● Data shown:

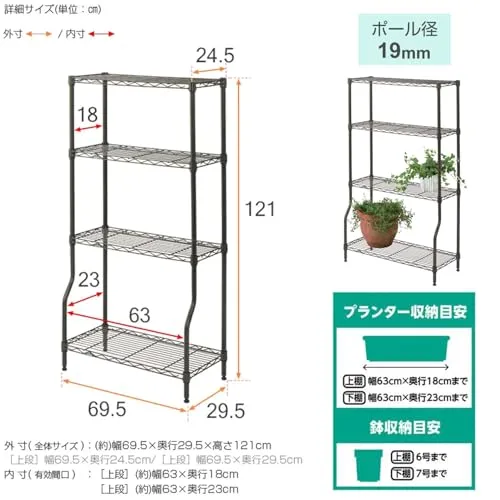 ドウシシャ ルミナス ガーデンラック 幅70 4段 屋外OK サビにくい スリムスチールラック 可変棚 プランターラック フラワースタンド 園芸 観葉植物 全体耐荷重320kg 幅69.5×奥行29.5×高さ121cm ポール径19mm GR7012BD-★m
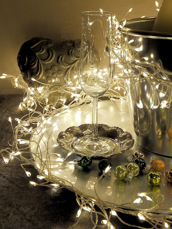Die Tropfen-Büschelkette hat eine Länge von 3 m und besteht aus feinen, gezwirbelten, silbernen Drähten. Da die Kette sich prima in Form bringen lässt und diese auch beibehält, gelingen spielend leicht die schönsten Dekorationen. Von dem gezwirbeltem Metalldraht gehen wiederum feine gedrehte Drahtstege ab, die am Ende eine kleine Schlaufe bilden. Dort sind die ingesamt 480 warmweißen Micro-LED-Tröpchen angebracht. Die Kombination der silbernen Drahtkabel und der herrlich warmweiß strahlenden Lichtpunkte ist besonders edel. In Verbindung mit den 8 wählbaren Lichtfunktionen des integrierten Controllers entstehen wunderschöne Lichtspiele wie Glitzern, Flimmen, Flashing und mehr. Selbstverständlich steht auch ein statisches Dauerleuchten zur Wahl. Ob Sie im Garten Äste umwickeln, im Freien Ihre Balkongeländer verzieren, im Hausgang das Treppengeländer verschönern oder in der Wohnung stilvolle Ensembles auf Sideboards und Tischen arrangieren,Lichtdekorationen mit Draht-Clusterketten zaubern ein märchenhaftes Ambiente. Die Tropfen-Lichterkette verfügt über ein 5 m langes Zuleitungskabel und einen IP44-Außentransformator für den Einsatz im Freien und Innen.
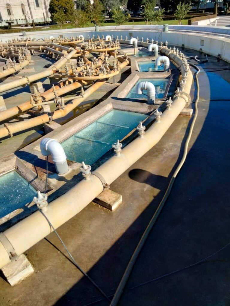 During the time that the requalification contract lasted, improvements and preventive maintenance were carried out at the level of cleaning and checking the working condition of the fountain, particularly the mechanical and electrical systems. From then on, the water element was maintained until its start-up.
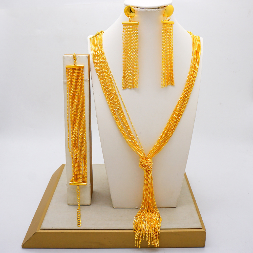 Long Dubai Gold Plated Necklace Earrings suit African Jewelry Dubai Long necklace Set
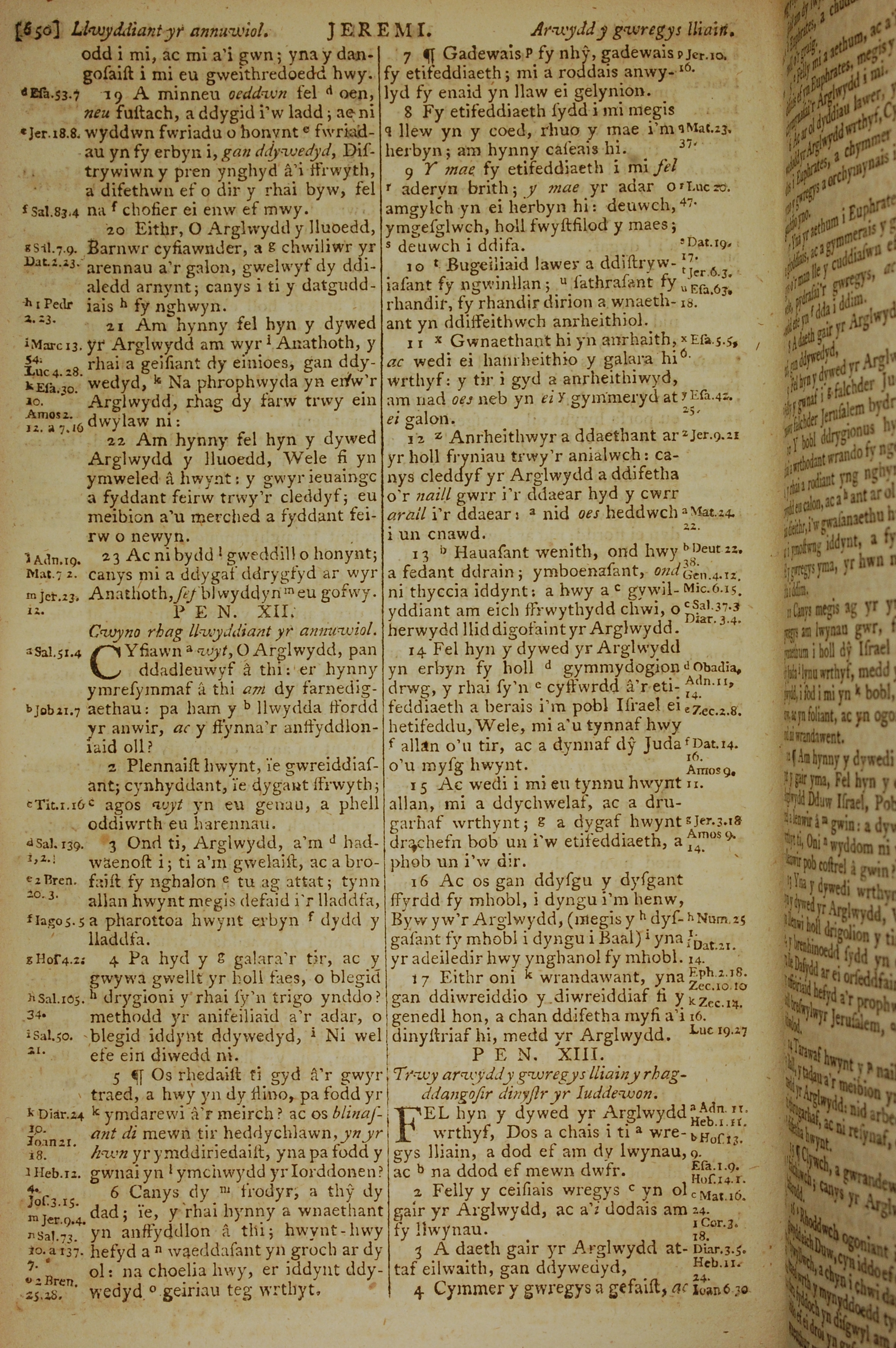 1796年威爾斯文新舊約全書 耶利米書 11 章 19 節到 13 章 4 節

● Problem to solve:
With the pictures set aside, return each line of the listing exactly as given.

● Task result:
 ドウシシャ ルミナス ガーデンラック 幅70 4段 屋外OK サビにくい スリムスチールラック 可変棚 プランターラック フラワースタンド 園芸 観葉植物 全体耐荷重320kg 幅69.5×奥行29.5×高さ121cm ポール径19mm GR7012BD-★m
Die Tropfen-Büschelkette hat eine Länge von 3 m und besteht aus feinen, gezwirbelten, silbernen Drähten. Da die Kette sich prima in Form bringen lässt und diese auch beibehält, gelingen spielend leicht die schönsten Dekorationen. Von dem gezwirbeltem Metalldraht gehen wiederum feine gedrehte Drahtstege ab, die am Ende eine kleine Schlaufe bilden. Dort sind die ingesamt 480 warmweißen Micro-LED-Tröpchen angebracht. Die Kombination der silbernen Drahtkabel und der herrlich warmweiß strahlenden Lichtpunkte ist besonders edel. In Verbindung mit den 8 wählbaren Lichtfunktionen des integrierten Controllers entstehen wunderschöne Lichtspiele wie Glitzern, Flimmen, Flashing und mehr. Selbstverständlich steht auch ein statisches Dauerleuchten zur Wahl. Ob Sie im Garten Äste umwickeln, im Freien Ihre Balkongeländer verzieren, im Hausgang das Treppengeländer verschönern oder in der Wohnung stilvolle Ensembles auf Sideboards und Tischen arrangieren,Lichtdekorationen mit Draht-Clusterketten zaubern ein märchenhaftes Ambiente. Die Tropfen-Lichterkette verfügt über ein 5 m langes Zuleitungskabel und einen IP44-Außentransformator für den Einsatz im Freien und Innen.
 During the time that the requalification contract lasted, improvements and preventive maintenance were carried out at the level of cleaning and checking the working condition of the fountain, particularly the mechanical and electrical systems. From then on, the water element was maintained until its start-up.
 Long Dubai Gold Plated Necklace Earrings suit African Jewelry Dubai Long necklace Set
 1796年威爾斯文新舊約全書 耶利米書 11 章 19 節到 13 章 4 節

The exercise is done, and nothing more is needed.